DESCRIPTION OF THE TASK =>
Output the entries exactly. Start at the first line, finish with the line containing "今日も梅雨空、雨模様になりました。5年生は体育館でソフトボール。", and omit the pictures.

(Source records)
━━━━━━━━━━━━━━━━━━━━━━━━━━━━━━

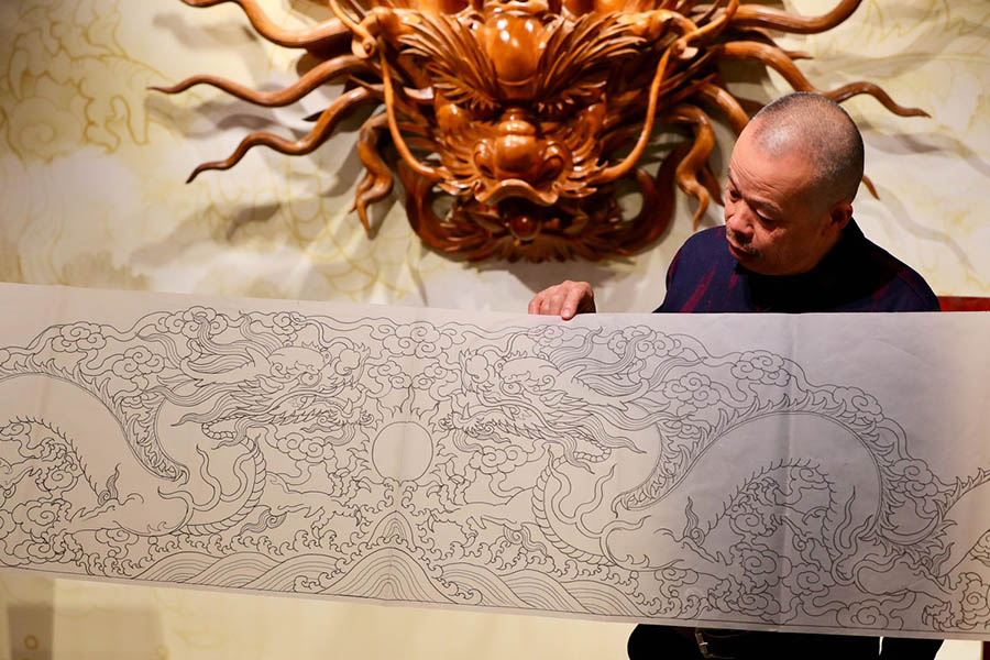Zheng Baoshu, heredero de la talla de madera del templo de Panshan, muestra un manuscrito con un patrón de dragón en la aldea de Panshan, Jinjiang, provincia de Fujian, el 27 de enero de 2024.…
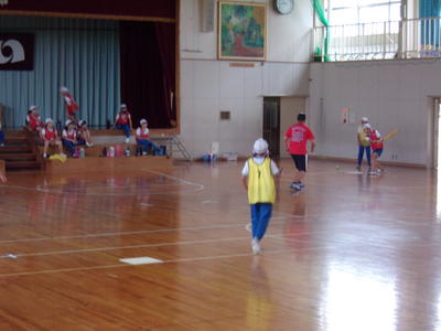 今日も梅雨空、雨模様になりました。5年生は体育館でソフトボール。
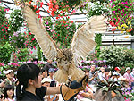「花と生物とのふれあい」がテーマ。約7千uの大温室の中いっぱいにベゴニアや熱帯性スイレンなど珍しい色鮮やかな花々が咲き、熱帯に生息するオオハシやインコなど多くの鳥が飛び交う。フラミンゴやクジャクなどをすぐ横で見ることができ、エサの入ったカップを持つとインコが肩などにとまる。フクロウの飛行ショーなどのショータイムも楽しみ。 |
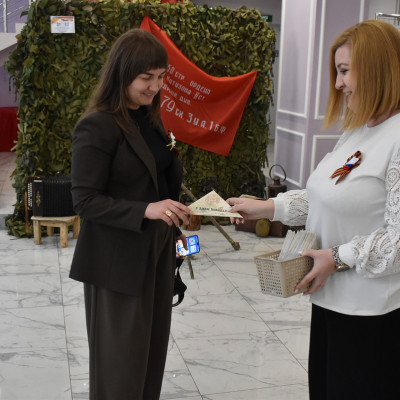 В честь этого символа памяти сотрудники Грибановского районного Дома культуры создали фронтовые треугольники, наполнили их стихами о войне и Победе и подарили жителям поселка и района.
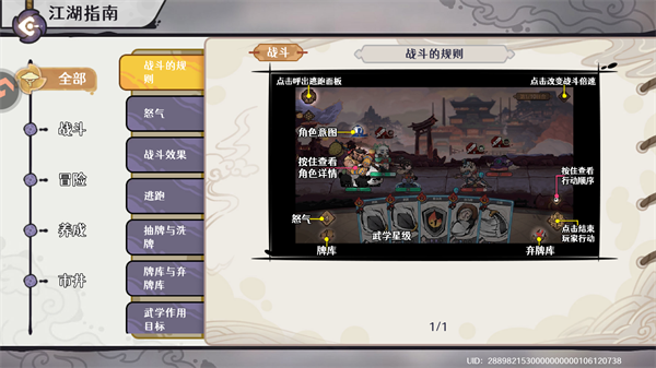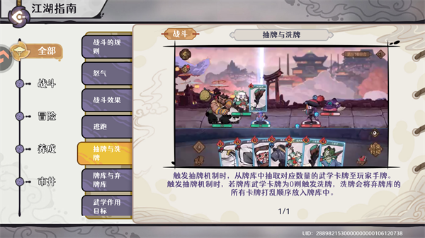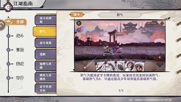触发抽牌机制时,从牌库中抽取对应数量的武学卡牌至玩家手牌。触发抽牌机制时,若牌库武学卡牌为0则触发洗牌,洗牌会将弃牌库的所有卡牌打乱顺序放入牌库中。怒气为使用武学卡牌的费用,玩家回合结束时回满怒气基础怒气为6,可通过提高少年境界提高基础怒气值。
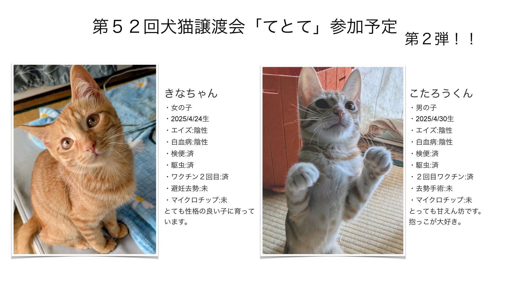 申込フォームはこちらから→第52回犬猫譲渡会参加予定 第二弾
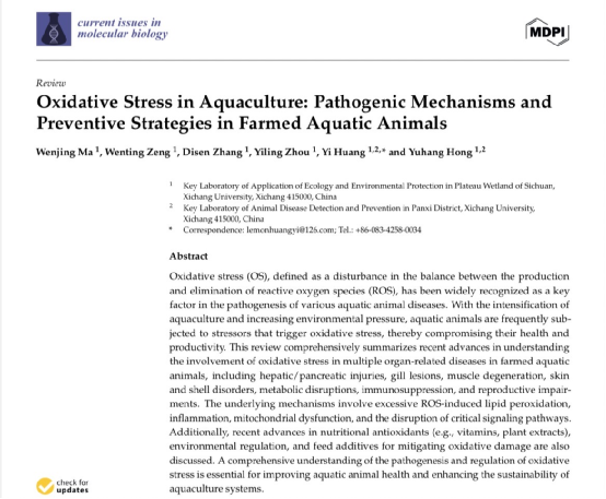 近日,动科学院2023级水产养殖学专业1班本科生马文静以第一作者身份撰写的论文“Oxidative Stress in Aquaculture: Pathogenic Mechanisms and Preventive Strategies in Farmed Aquatic Animals”在国际知名学术期刊《Current Issues in Molecular Biology》(SCIE收录,JCR2区,IF=3.0)在线发表。该论文得到了西昌学院攀登计划(117620023)和西昌市科技项目(18JSYJ13)的支持。论文通讯作者为动物科学学院教师黄毅副教授。
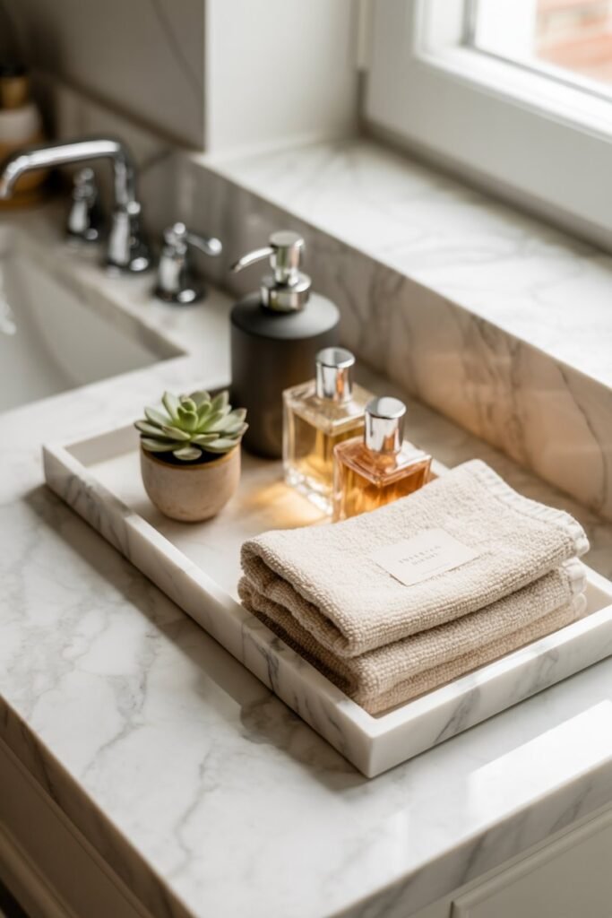 Pro Tip: Add a small candle or a tiny plant to the tray for a subtle, spa-like vibe. The combination of organization and decor creates a polished, intentional look.
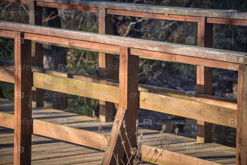 Деревянные перила моста крупным планом

━━━━━━━━━━━━━━━━━━━━━━━━━━━━━━

EXERCISE ANSWER =>
Zheng Baoshu, heredero de la talla de madera del templo de Panshan, muestra un manuscrito con un patrón de dragón en la aldea de Panshan, Jinjiang, provincia de Fujian, el 27 de enero de 2024.…
 今日も梅雨空、雨模様になりました。5年生は体育館でソフトボール。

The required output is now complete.